GEA issues Guidance for 2011
Net liquidity more than doubled year-on-year to EUR 104.8 million, partly due to lower investing activities and the targeted reduction in working capital, which could be reduced by approximately EUR 350 million in the course of the past two fiscal years.
Commenting on business expectations for the current year, Jürg Oleas, CEO of GEA Group Aktiengesellschaft, noted: “The now encouraging level of investment in the food industry is likely to remain firm, and the energy sector, which has been muted to date, is set to continue recovering. As a result, we are forecasting an organic increase in order intake and revenue of at least 5 percent in 2011. With regard to earnings, we are expecting the EBIT margin to grow to approximately 9 percent.

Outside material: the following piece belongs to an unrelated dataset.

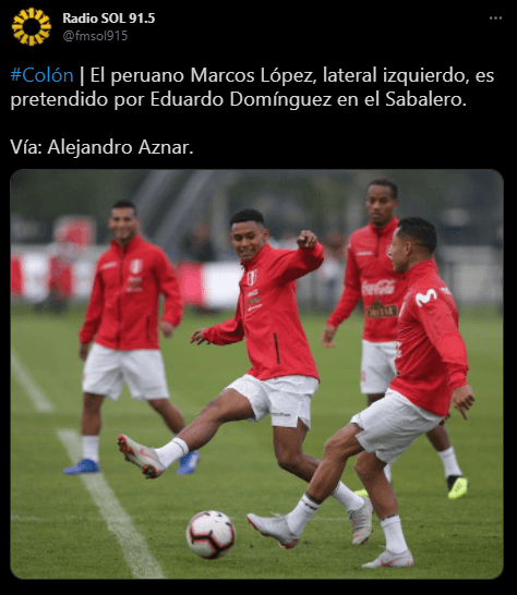 La información sobre un sondeo por parte del ‘Sabalero argentino’ llega por parte de Alejandro Aznar, el periodista argentino sostuvo que Marcos López es el lateral izquierdo elegido por el DT Eduardo Domínguez.

No further significant one-off expenses are expected for 2011.”
In addition, the recent acquisitions of Convenience Food Systems (CFS), Bock, and Mashimpeks, which together generated almost EUR 500 million in revenue in the past fiscal year, will contribute to GEA’s business volume on a time-proportionate basis in 2011. Their initial consolidation is expected between February and July.
Looking to the future, Oleas believes that “Our revenue will continue to increase in fiscal year 2012 as against 2011. In 2012, when all restructuring measures will have taken full effect, we are expecting additional increases in both earnings and the EBIT margin. We expect all segments to contribute to this positive development.”
GEA’s policy is to distribute one-third of the group’s earnings as a dividend. The distribution of EUR 0.40 which has been proposed for the past fiscal year is in fact significantly in excess of this.